The Map is Not the Territory
Susan Maxwell

The Map is not the Territory

Susan Maxwell
To the very rim of the horizon, the world was made of pearls and smoke. The clouds were white as the concealing snow, but low, down to the rooftops; and here and there furrows of dark – earth, black brambles and hoof-churned snow – broke the planes of the confection that the world had become. There was snow on the roof of the studio, and it spangled wetly in the misty light.
Daisy was dressed for work, in heavy cotton-jean overalls, loose enough for several woollen layers beneath, and topped off by a bizarre scarf inexpertly knitted for her by her mother, but bright and gloriously warm. Crossing the snow required exaggerated steps. Ribbons of dead – or at least badly swooning – grass straggled across the surface of the snow, and here and there birds and bushes had dropped berries that glittered in the icy sparkle. Daisy stopped in her tracks and almost laughed aloud; the scene was ridiculously picture-postcard. Even the silence was sugar-coated.
A crow’s voice rasped and the snow creaked beneath Daisy’s boots as she turned. The bird was perched on the ridge of the house. It looked about, and then called again, thrusting its beak forward in the effort. It took a few steps along the ridge, then settled its wings. After a few moments it flew away, and disappeared into the elm trees at the garden boundary.
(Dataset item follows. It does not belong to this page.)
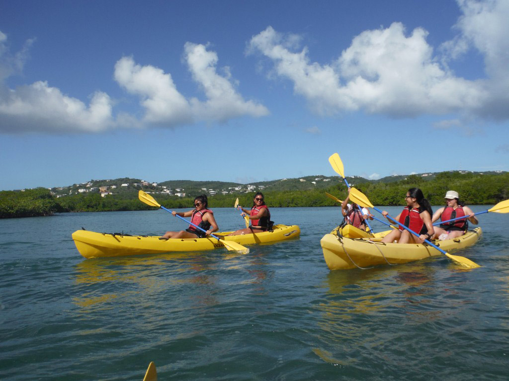 This is your chance to experience a favorite five hour unique, multi-eco trip in St. Thomas' Inner Mangrove Lagoon Sanctuary and the Island of Cas Cay. You begin by kayaking among the many small islands of the Mangrove Lagoon to Long Point and Patricia Cay. Enjoy breathtaking scenic views from the coral rubble barrier reef which divides Long Point, the southernmost tip of St. Thomas from the deserted island of Patricia Cay. Here you will find multitudes of coral and shells, as well as interesting marine life including bristle stars, sea urchins, chitons and perhaps an octopus in very shallow c This is your chance to experience a favorite five hour unique, multi-eco trip in St. Thomas' Inner Mangrove Lagoon Sanctuary and the Island of Cas Cay. You begin by kayaking among the many small islands of the Mangrove Lagoon to Long Point and Patricia Cay. Enjoy breathtaking scenic views from the coral rubble barrier reef which divides Long Point, the southernmost tip of St. Thomas from the deserted island of Patricia Cay. Here you will find multitudes of coral and shells, as well as interesting marine life including bristle stars, sea urchins, chitons and perhaps an octopus in very shallow cThis is your chance to experience a favorite five hour unique, multi-eco trip in St. Thomas' Inner Mangrove Lagoon Sanctuary and the Island of Cas Cay. You begin by kayaking among the many small islands of the Mangrove Lagoon to Long Point and Patricia Cay. Enjoy breathtaking scenic views from the coral rubble barrier reef which divides Long Point, the southernmost tip of St. Thomas from the deserted island of Patricia Cay. Here you will find multitudes of coral and shells, as well as interesting marine life including bristle stars, sea urchins, chitons and perhaps an octopus in very shallow clear waters.

During the last three days she had ‘torn up the day’, as she called it. She had lunged from activity to activity – culling her portfolio, going through her box of inks and checking each one for volume versus depth of crust around the screw-top – and in her mind she splintered the day and promised herself, or some ill-defined part of herself, that she would settle down once this particular fragment was complete. Then she sat for an hour or more as the remnants of the day fluttered about her like confetti and time went by untouched. She was immobilised, not just by the loss of that day, and the day before, but by all the other days that she had spent in this chaotic state. Activity multiplied and surged about like fractals emerging on a Petri dish, productivity remained a sullen and unresponsive spot in the centre, all those days behind and all those days before her, for the rest of her life. She felt the grave close about her.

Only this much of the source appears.